|Length: 31-34 cm (12-13")|
|Wing Span: 63-70 cm (25-28")|
|Weight: 230-370 g (8-13 oz)|
|Breeding Pairs: > 100 000|
|Present: All Year|
The Feral Pigeon (also known as Domestic or Town Pigeon) is descended from the Rock Dove (shown in the photograph), and can have similar plumage, though there are also many mixes of black, browns, white and piebald. Feral Pigeons can be larger than Rock Doves owing to their mixed breeding.
The adult Rock Dove is smaller than a Wood Pigeon. The underparts and upper parts are blue-grey, but the back is paler, and there is always a white patch on its rump. The neck is iridescent with green and purple. The wings are grey except for two distinct black wing-bars. The eyes and legs are red.
Feral Pigeons have adopted ledges on buildings and other structures in our towns and cities whereas the Rock Dove uses cliffs.
The call is a continuous, bubbling moan.
The feral pigeon feeds on grain, seeds and kitchen scraps.
The nest of twigs is built on a ledge by both sexes but mostly by the female.
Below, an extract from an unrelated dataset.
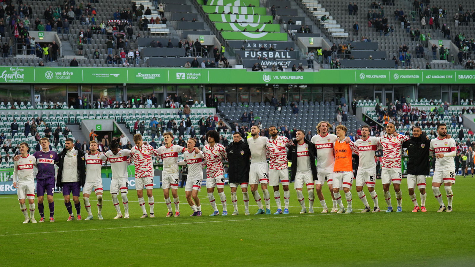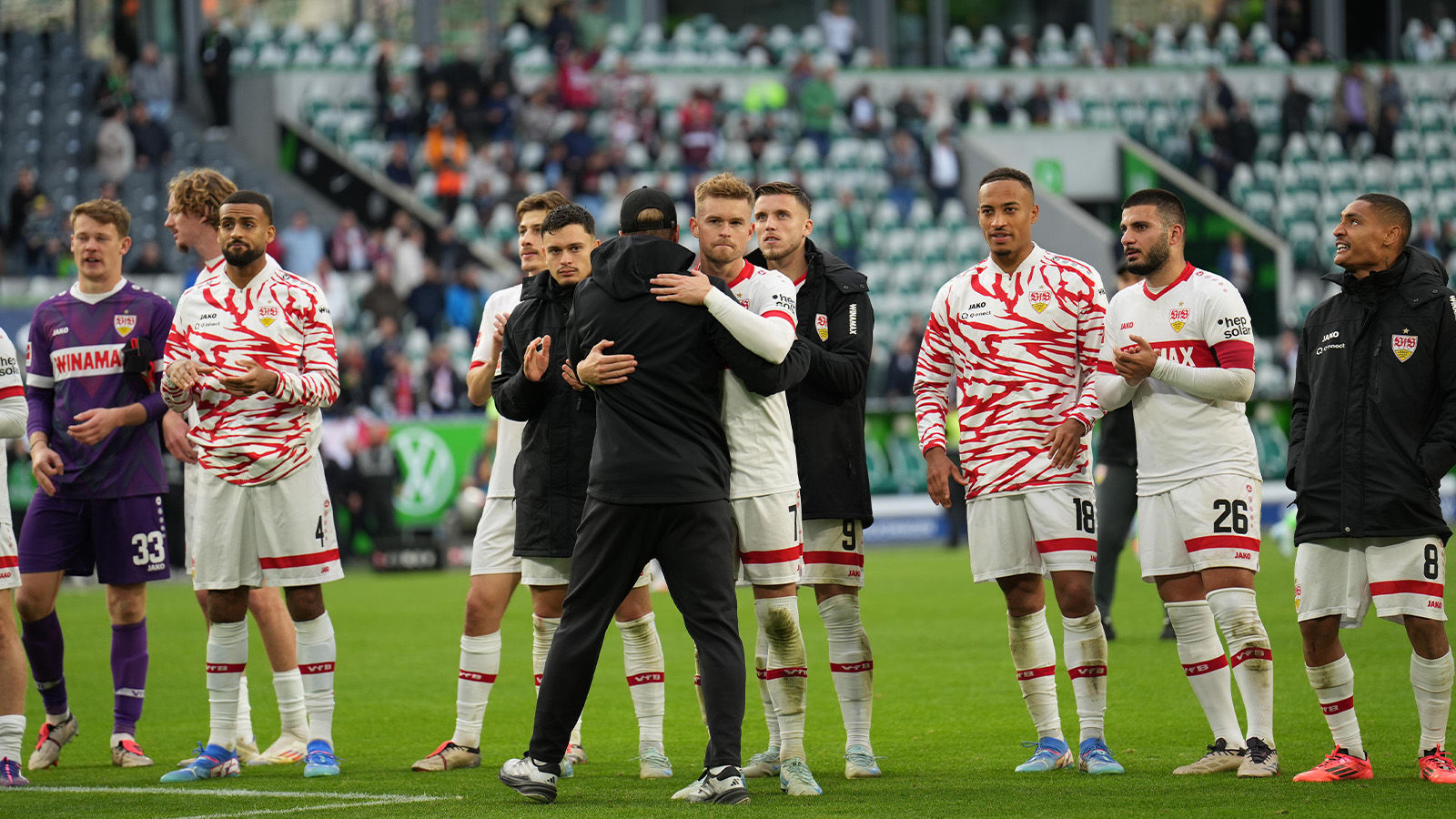 Bei 70 Prozent Ballbesitz und 17 Torschüssen auf das gegnerische Gehäuse (Wolfsburg: fünf) sprach statistisch am Samstagnachmittag vieles für den VfB. Am Ende nimmt die Mannschaft mit dem roten Brustring durch die Treffer von Enzo Millot (32.) und Deniz Undav (90. +7) einen Punkt mit nach Hause, der mehr als verdient war (Zum Spielbericht). So stellt sich die Frage nach einem Punktverlust oder Punktgewinn? Sportvorstand Fabian Wohlgemuth bewertet das Ergebnis als „Punkt der Moral“ und führt weiter aus: „Auch wenn wir ein bisschen was liegen gelassen, unglückliche Gegentore bekommen haben und heute vom Schiedsrichter benachteiligt wurden, haben wir uns den Punkt redlich verdient und erkämpft. Wir haben gezeigt, dass wir eine Einheit sind und weitere Entwicklungsschritte machen. Der Ausgleich in Unterzahl, in der Nachspielzeit zeigt, dass wir Moral, Bereitschaft und Zusammenhalt bewiesen haben.“
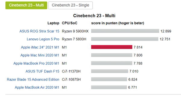 為證實(shí)這一觀(guān)點(diǎn),可以觀(guān)察上面的基準測試圖,該芯片比英特爾最新的四核 Tiger Lake 芯片快一點(diǎn)。這可能是最恰當的比較,因為 M1 也有 4 個(gè)快核心。顯然,就像英特爾一樣,這意味著(zhù) M1 無(wú)法與速度更快的 8 核 AMD 芯片相匹敵。

The white eggs are smooth and glossy, and about 39 mm by 29 mm in size. Both parents share the duty of incubating the eggs and feeding the nestlings.
|Breeding Starts||Number of Clutches||Number of Eggs||Incubation (days)||Fledge (days)|
Rock Doves are very sedentary, rarely moving from their nest site.
Feral Pigeons have become a nuisance in many towns and cities because their droppings accumulate and pose a health hazard to us. Additionally, the droppings are acidic and cause damage to the stonework of buildings. The expansion of its range and hybridisation with Rock Doves is so successful that relatively few "pure" Rock Doves remain.
Rock Doves have not been seen in our garden or neighbourhood, but a handful of Feral Pigeons have been observed occasionally in other gardens.